Fall is such a beautiful time of the year. Everything around us is quickly changing signaling the end of the summer season preparing for the winter blanket if white. Even though the crops are drying down, no longer lush green but brown they still have a natural beauty. There is a crispness in the air that seems to just hang. Fall is a beautiful time of the year. Everything is changing from lush green to a variety shades of nuetral browns. The crops in the fields are no longer growing but ready for harvest. There is a sense of crispness hanging in the damp evening air. The soybeans rattle in their pods, dried. The ears of field corn are dangling from their stalks. Fall is the season of hope for bountiful harvest. The end of another growing year. Nature preparing for the white winter blanket that will lay itself over the ground as a protective insulation.
This time of the year is always busy on the farm. Our soybeans are dried and ready for harvest. Kasen our 2 year old grandson is absolutely crazy when the combine rolls out of the barn. We all chuckle when he tells Papa that he needs to get busy in the fields! The growing season was perfect this summer with lots of rain and plenty of sunshine.

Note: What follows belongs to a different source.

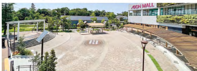
長久手中央2号公園

A 指定管理料の内訳は人件費、消耗品等の需用費、警備の委託費などであるが、実際の配分は、指定管理者が事業計画で定めることになる。

Part of Old Indian Creek Farm’s charm is the three -story farm house. When this farm was in it’s hay day the house was where the family would gather everyday. The housewife had a very important job in the family. She would be up before the sun rose to prepare a hearty breakfast so that when chores were done the family could sit around the kitchen table to nourish their bodies to begin a busy day. Some chores around the house were scrubbing the floors, washing clothes using the wringer washing machine, hanging clothes on the line to dry, preparing the meals or canning fruits or vegetables that were harvested from the garden. Often times on the farm the housewife was also expected to help do chores outside. The hens would be looking for their mash, ground corn ration. While the hens were busy eating the eggs were collected from the nesting boxes each day. Other chores might be milking cows, feeding the sheep or weeding the garden. Lunch or dinner as it was called was also a well prepared meal at noontime. Supper was a routine and everyone in the family was expected to sit down together at the table. As the family gathered they would converse about the day’s events and what was going on in the neighborhood.
When you step into our farm house you can almost feel that simple but hard-working life from long ago. You can’t help but appreciate the job of the housewife which was to keep the family healthy and happy. Our goal was to preserve this simple charm so that you can slow your life down and enjoy your stay.
This weekend we added a new attraction. There is now a pond at Old Indian Creek Farm. While I was busy attending meetings to kick off another school year my husband started and finished digging a pond. I pitched in the next day running the skid steer moving piles of dirt. We will wait a week or two when the dirt dries up some then we will smooth it up and sow grass seed. It will make a great wedding ceremony spot! By next spring it should by a lush green.